* WHAT YOU WILL DO: With pictures left out, extract every line between the start of the records below and the line holding "本日の清掃の時間には,2年生から6年生が会場準備を手伝ってくれました。", inclusive.

[Stored items from a collection]

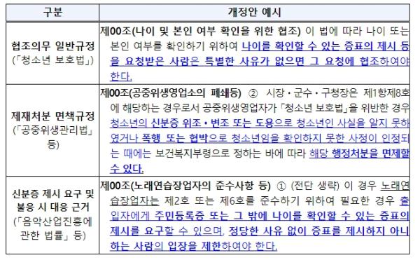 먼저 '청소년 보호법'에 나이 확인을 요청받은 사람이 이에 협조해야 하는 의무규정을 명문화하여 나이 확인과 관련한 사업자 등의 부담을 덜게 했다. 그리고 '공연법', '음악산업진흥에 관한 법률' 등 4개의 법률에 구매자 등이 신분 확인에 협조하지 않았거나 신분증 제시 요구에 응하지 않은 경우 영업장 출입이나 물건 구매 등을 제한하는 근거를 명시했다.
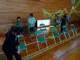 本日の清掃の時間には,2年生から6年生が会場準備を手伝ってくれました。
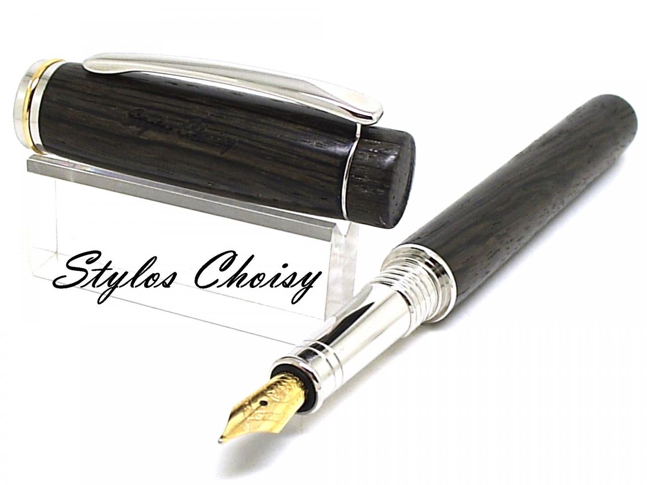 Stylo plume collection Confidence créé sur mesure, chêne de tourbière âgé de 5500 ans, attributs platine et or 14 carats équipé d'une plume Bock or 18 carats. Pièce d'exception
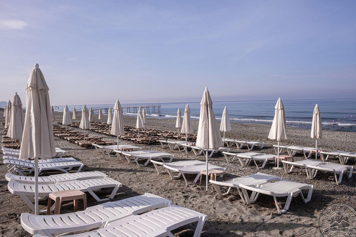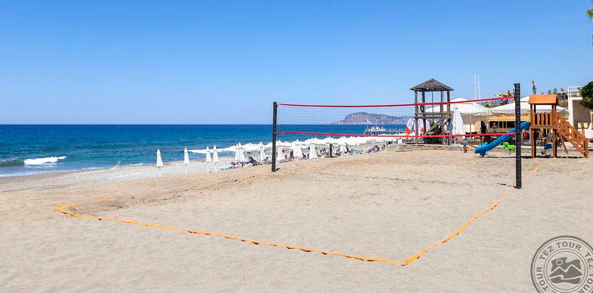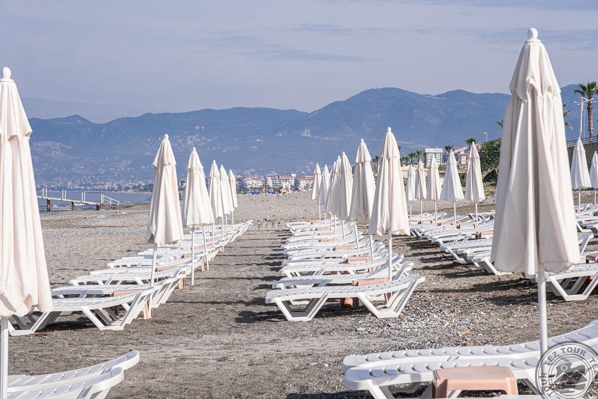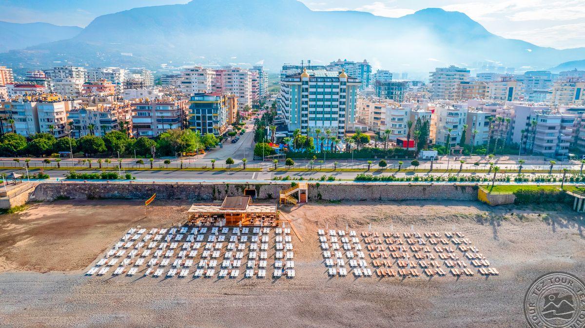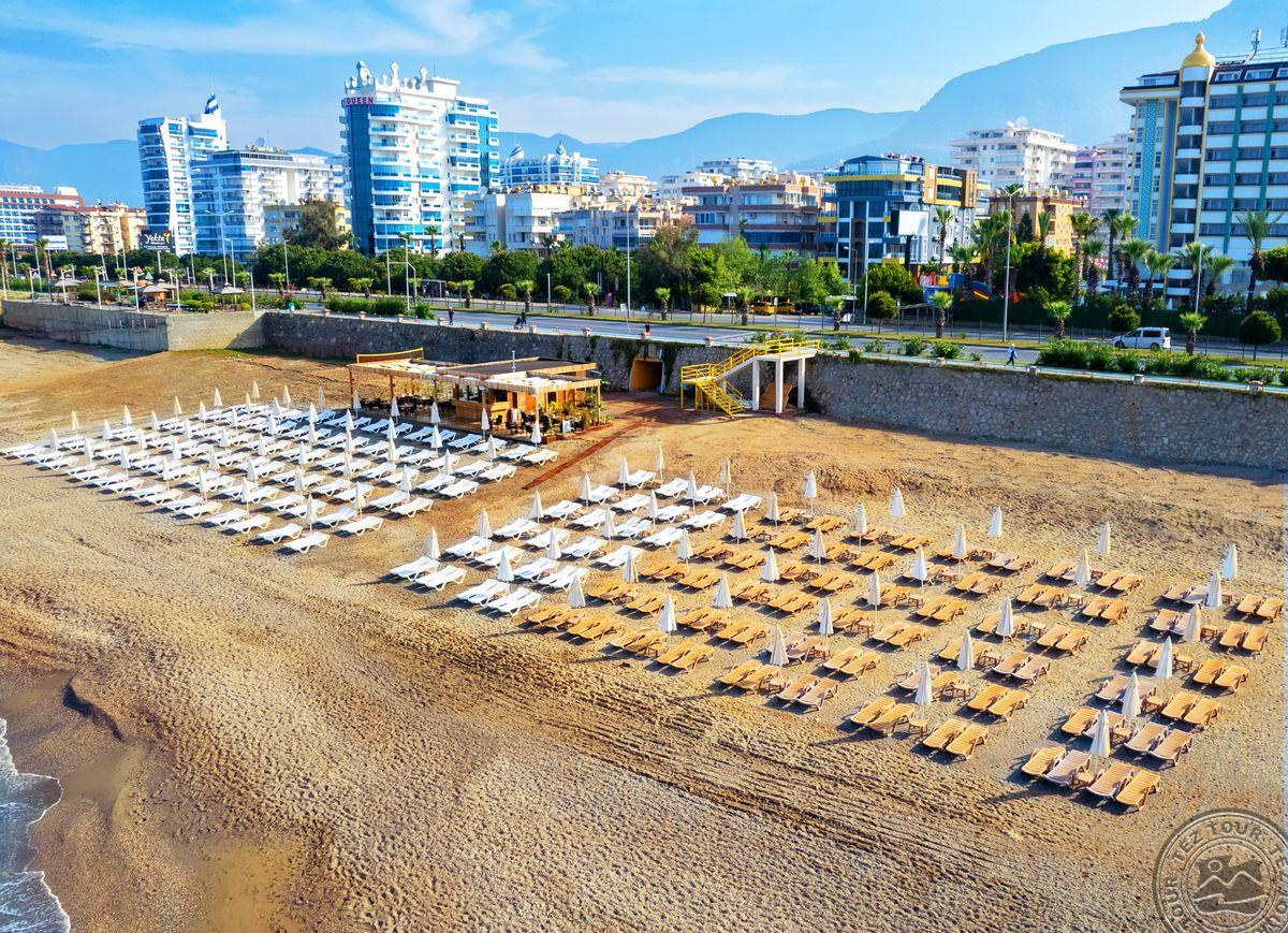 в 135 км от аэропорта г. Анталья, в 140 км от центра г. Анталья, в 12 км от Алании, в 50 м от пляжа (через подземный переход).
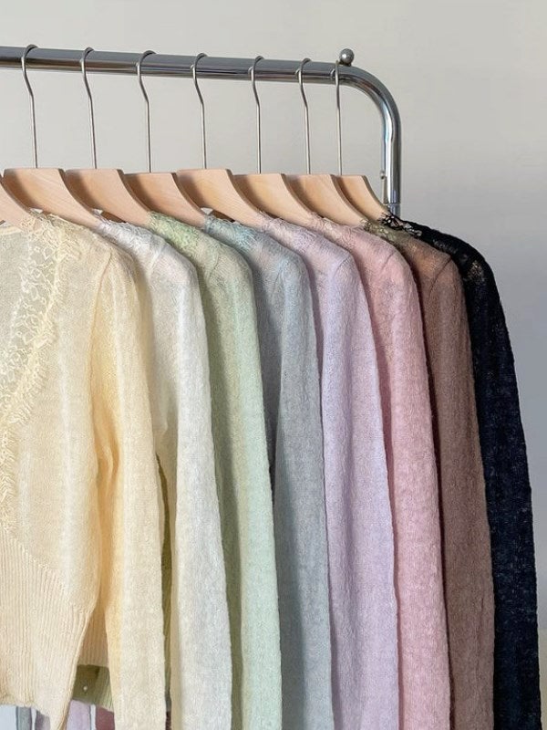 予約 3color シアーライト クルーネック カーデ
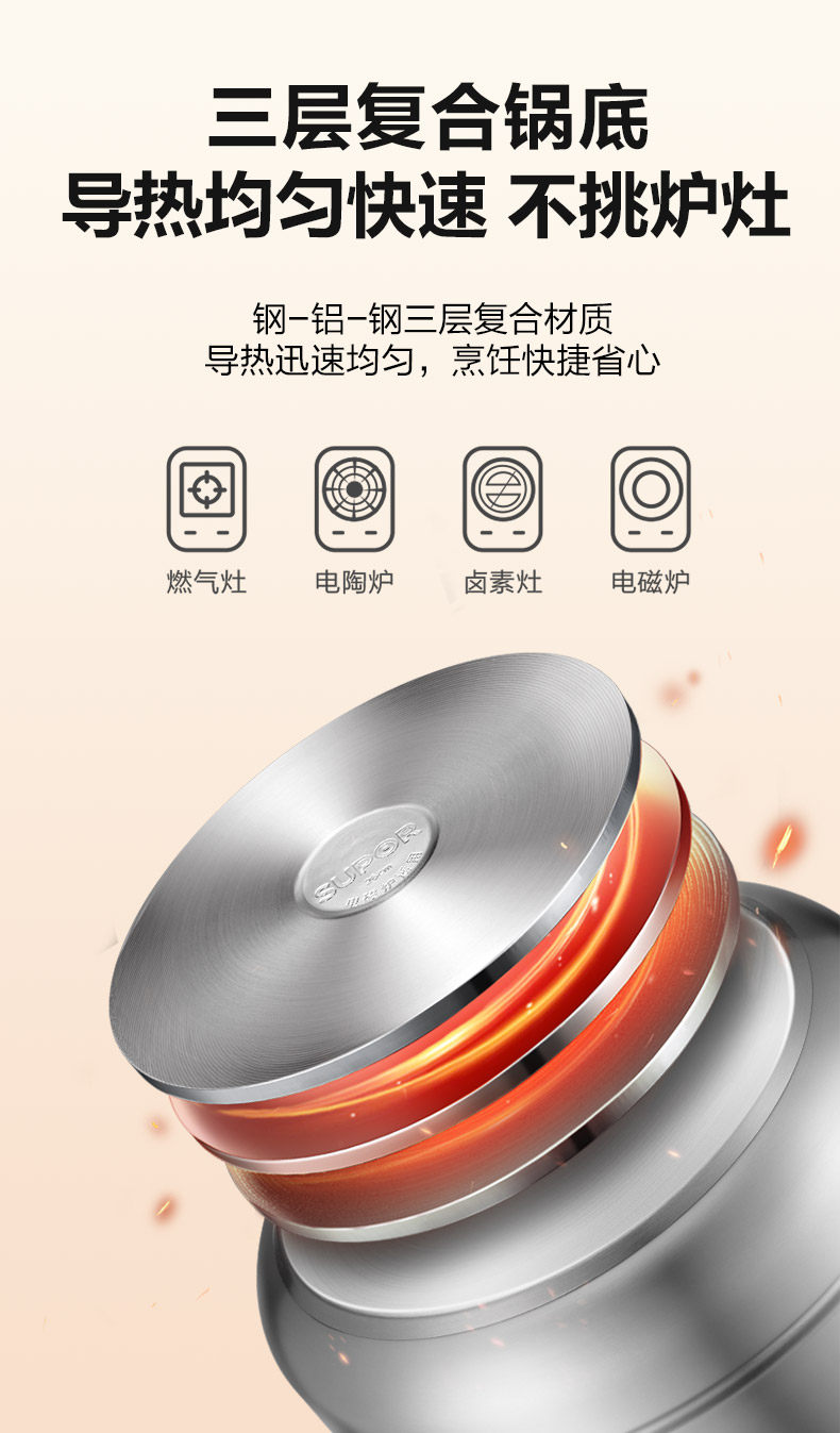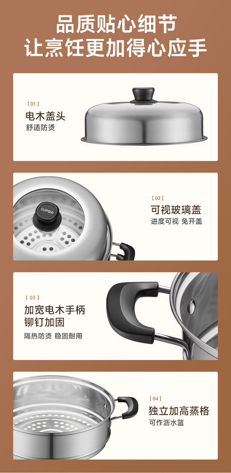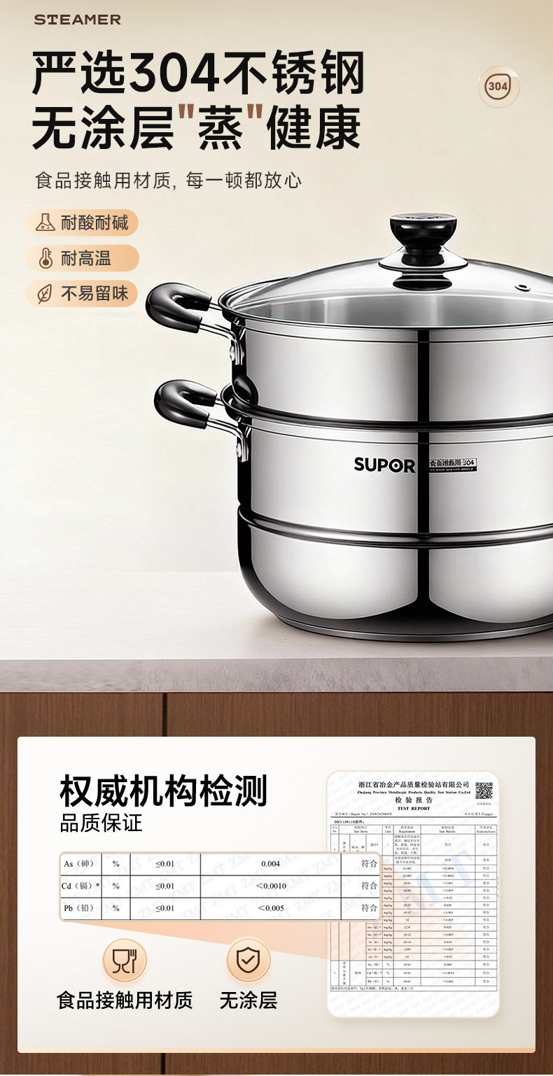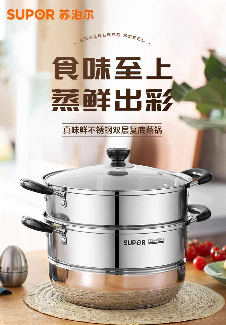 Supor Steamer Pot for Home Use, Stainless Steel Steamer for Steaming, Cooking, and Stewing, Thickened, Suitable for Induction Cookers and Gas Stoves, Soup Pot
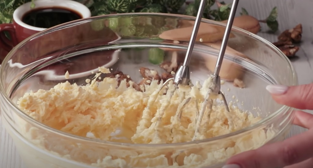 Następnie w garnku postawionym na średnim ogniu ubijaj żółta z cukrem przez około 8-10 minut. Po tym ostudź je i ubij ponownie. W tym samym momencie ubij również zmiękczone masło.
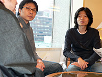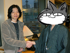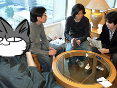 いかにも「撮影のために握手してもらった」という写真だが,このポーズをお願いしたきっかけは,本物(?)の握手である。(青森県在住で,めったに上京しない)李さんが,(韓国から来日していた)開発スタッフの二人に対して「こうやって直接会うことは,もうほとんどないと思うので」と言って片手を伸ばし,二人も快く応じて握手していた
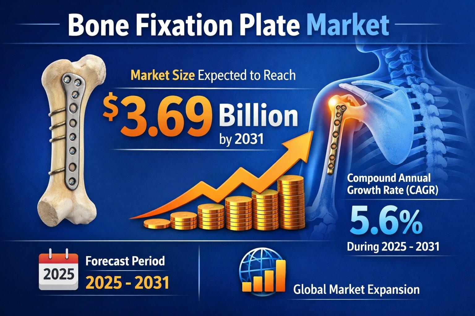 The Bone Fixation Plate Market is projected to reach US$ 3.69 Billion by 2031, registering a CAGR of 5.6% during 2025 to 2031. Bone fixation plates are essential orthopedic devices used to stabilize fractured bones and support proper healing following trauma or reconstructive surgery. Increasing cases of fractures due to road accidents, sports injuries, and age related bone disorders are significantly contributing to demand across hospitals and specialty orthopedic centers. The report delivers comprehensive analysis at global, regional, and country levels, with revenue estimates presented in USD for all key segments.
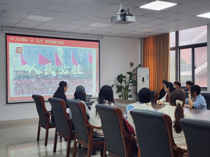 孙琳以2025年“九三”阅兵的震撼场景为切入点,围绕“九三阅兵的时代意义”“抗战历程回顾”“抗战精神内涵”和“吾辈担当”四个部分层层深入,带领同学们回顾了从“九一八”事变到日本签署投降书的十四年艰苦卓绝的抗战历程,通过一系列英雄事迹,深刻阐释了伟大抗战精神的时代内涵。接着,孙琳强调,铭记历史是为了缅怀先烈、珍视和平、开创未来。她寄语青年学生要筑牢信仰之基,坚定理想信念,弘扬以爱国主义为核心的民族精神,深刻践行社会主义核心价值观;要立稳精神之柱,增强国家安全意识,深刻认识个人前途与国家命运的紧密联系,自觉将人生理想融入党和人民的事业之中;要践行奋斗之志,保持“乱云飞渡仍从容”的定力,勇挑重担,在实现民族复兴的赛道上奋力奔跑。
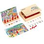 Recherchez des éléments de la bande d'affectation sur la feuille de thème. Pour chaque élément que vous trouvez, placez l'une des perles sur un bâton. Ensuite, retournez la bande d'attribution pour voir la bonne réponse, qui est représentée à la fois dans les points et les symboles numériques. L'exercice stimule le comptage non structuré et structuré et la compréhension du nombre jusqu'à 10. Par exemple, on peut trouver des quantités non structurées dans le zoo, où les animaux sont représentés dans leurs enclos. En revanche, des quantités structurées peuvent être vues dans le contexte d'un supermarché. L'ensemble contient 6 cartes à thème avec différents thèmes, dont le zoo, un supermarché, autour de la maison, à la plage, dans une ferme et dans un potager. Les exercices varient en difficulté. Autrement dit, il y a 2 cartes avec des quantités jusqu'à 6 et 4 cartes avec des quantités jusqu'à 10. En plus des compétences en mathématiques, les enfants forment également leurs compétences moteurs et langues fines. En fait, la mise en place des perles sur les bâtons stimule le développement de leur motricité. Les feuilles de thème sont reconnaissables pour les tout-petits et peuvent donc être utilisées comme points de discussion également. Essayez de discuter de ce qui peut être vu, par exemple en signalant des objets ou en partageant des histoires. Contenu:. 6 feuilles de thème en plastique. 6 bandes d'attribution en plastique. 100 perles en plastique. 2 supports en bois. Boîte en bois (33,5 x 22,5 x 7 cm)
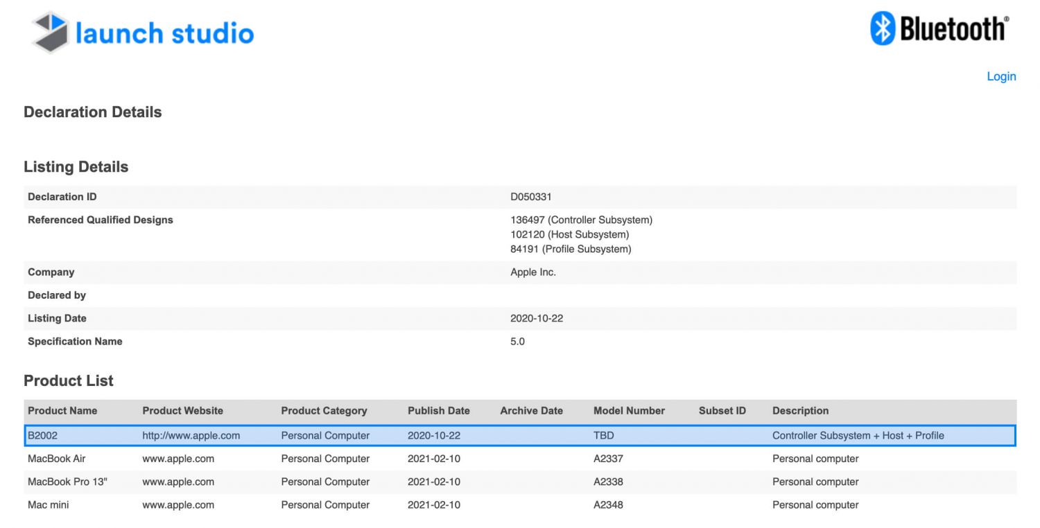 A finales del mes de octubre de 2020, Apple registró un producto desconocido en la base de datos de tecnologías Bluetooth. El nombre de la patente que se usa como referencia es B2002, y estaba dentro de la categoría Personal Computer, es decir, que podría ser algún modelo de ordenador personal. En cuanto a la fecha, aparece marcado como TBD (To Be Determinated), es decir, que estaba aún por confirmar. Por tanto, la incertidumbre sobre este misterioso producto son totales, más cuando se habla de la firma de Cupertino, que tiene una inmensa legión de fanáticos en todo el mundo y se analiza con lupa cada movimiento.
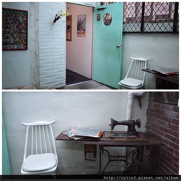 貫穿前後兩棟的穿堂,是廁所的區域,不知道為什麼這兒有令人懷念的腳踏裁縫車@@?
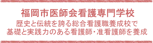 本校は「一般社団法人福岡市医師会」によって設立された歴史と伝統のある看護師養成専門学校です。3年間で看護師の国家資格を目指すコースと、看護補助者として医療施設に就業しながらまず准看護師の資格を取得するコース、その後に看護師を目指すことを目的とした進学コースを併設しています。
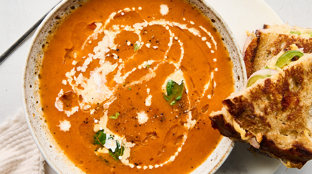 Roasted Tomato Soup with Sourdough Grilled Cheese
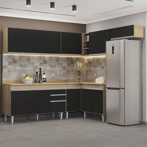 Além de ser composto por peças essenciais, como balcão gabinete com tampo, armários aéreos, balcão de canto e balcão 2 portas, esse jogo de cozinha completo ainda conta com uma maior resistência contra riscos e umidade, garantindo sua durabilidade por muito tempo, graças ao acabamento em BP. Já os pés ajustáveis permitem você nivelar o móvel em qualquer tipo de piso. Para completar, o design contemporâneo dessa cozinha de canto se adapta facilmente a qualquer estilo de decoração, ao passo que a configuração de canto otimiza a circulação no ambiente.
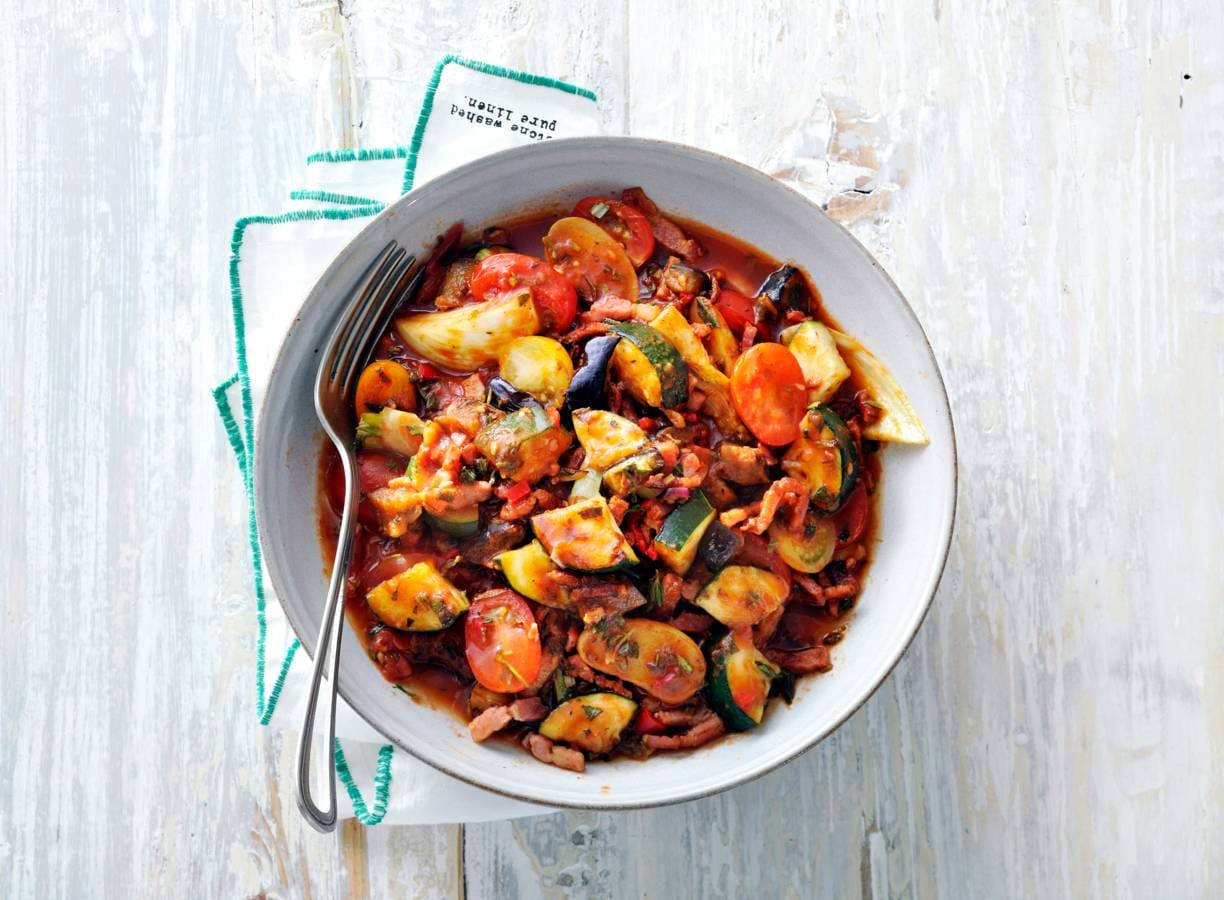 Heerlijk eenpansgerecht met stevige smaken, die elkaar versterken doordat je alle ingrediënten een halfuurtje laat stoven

* ANSWER TO THE PROBLEM:
 먼저 '청소년 보호법'에 나이 확인을 요청받은 사람이 이에 협조해야 하는 의무규정을 명문화하여 나이 확인과 관련한 사업자 등의 부담을 덜게 했다. 그리고 '공연법', '음악산업진흥에 관한 법률' 등 4개의 법률에 구매자 등이 신분 확인에 협조하지 않았거나 신분증 제시 요구에 응하지 않은 경우 영업장 출입이나 물건 구매 등을 제한하는 근거를 명시했다.
 本日の清掃の時間には,2年生から6年生が会場準備を手伝ってくれました。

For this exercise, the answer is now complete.